In the end, I would like to have something like this (with omissions because I don't get how to do it):
trait F[D] {
def initData : D
def aggregate(line: String, data: D) : D
def process(line: String, data: D) : String
}
class F1 extends F[Int] // ...
class F2 extends F[HashMap[Int, Int]] // ...
// Phase 1
// datas --- List of f.initData, how to?
for (s <- List("string1", "string2")) {
for (f <- List(new F1(), new F2()) {
// let fdata be f's data
// update fdata with f.aggregate(s, fdata)
}
}
// Phase 2
for (s <- List("string1", "string2")) {
for (f <- List(new F1(), new F2()) {
// let fdata be f's data
// for all fs, concatenate f.process(s, fdata) into an output string
}
}
Questions:
Is this task solvable in pure functional way in Scala?
Is this task solvable in other functional languages?
This situation looks like quite a general one. Is there a name for it I could search?
Where is the best place to read about it, assuming little to no background on theory of types and functional programming languages?
Also, you may use abstract types instead of generics, so:
trait F {
type D
def initData: D
def aggregate(line: String, data: D): D
def process(line: String, data: D): String
}
class F1 extends F { type D = Int } // ...
class F2 extends F { type D = Map[Int, Int] } // ...
val strings = List("string1", "string2")
for (f <- List(new F1(), new F2())) {
val d = strings.foldLeft(f.initData) { (d, s) => f.aggregate(s, d) }
for (s <- strings)
f.process(s, d)
}
Don't sure, if I undrestood correct order of operation, but it may be a starting point.
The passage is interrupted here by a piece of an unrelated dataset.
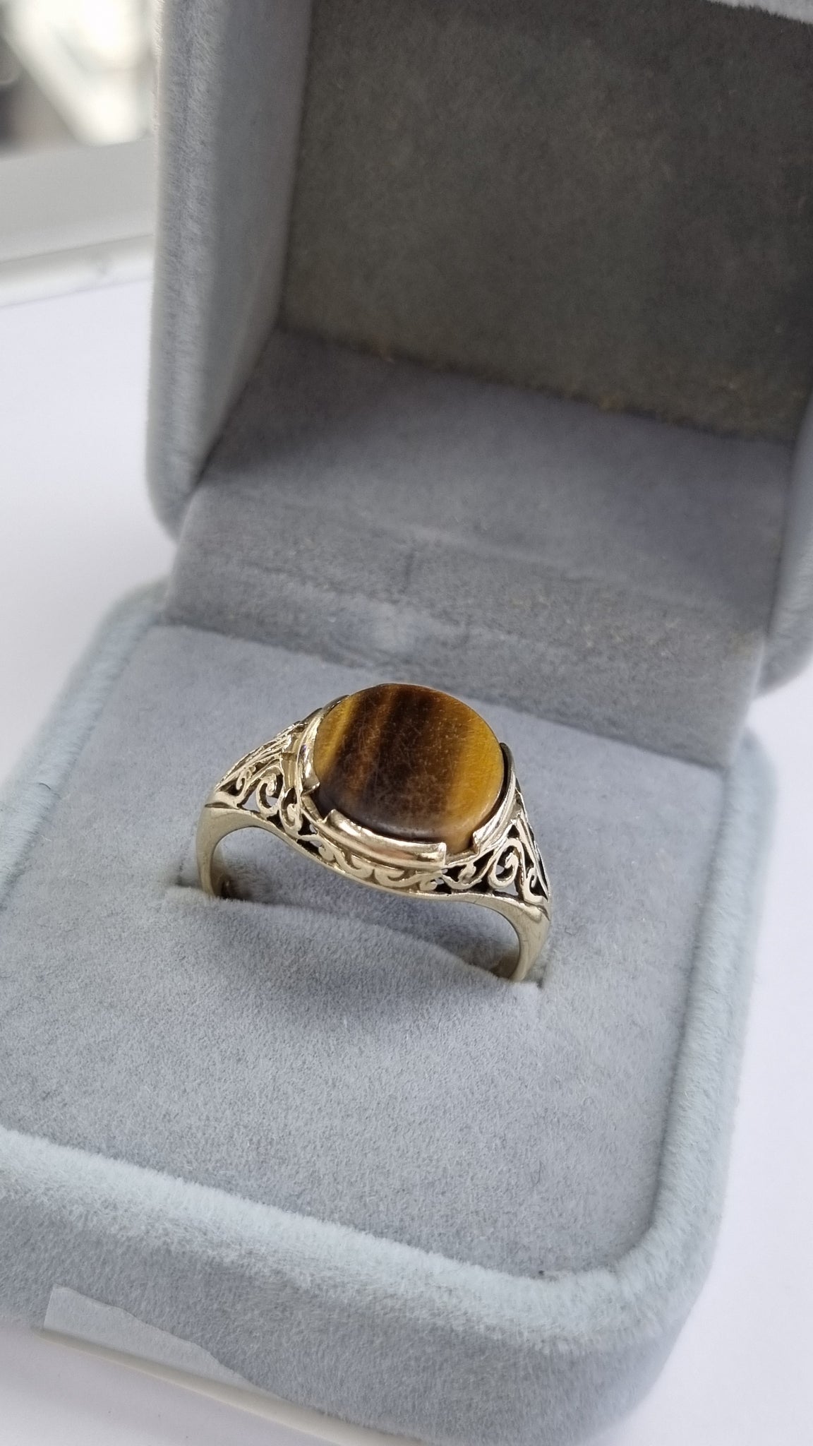9ct gold ring, with large tigers eye stone. Stone has minor cosmetic marks from wearing overtime. Overall this is a nice peice. Size R. Weighs 3.90grams in total.

Edit Just noticed, that my former solution was overly verbose, consing up a temporary data structure without any need.
I am not sure, what you mean with "purely functional". The following solution (if it is a solution to your problem) is "purely functional", as it has no side effects except the final println call in main.
Note, that the List[F[_]](...) is important, since otherwise, the compiler will infer a very specific internal type for the elements of the list, which doesn't go well with the aggregateAndProcess function.
trait F[D] {
type Data = D // Abbreviation for easier copy+paste below. Does not
// contribute to the actual solution otherwise
def initData: Data
def aggregate(line: String, data: Data) : Data
def process(line: String, aggData: Data): String
}
class F1 extends F[Int] {
def initData: Data = 1
def aggregate(line: String, data: Data) : Data = data + 1
def process(line: String, aggData: Data): String = line + "/F1" + aggData
}
class F2 extends F[Boolean] {
def initData: Data = false
def aggregate(line: String, data: Data) : Data = !data
def process(line: String, aggData: Data): String = line + "/F2" + aggData
}
object Main {
private def aggregateAndProcess[T](line: String, processor: F[T]): String =
processor.process(line, processor.aggregate(line, processor.initData))
def main(args: Array[String]) {
val r = for {
s <- List("a", "b")
d <- List[F[_]](new F1, new F2)
} yield
aggregateAndProcess(s, d)
println(r.toList)
}
}
Note, though, that I am still unsure as to what you actually want to accomplish. The F interface doesn't really specify, which information flows from which method into whatever location at what time, so: this is still a best-guess efford.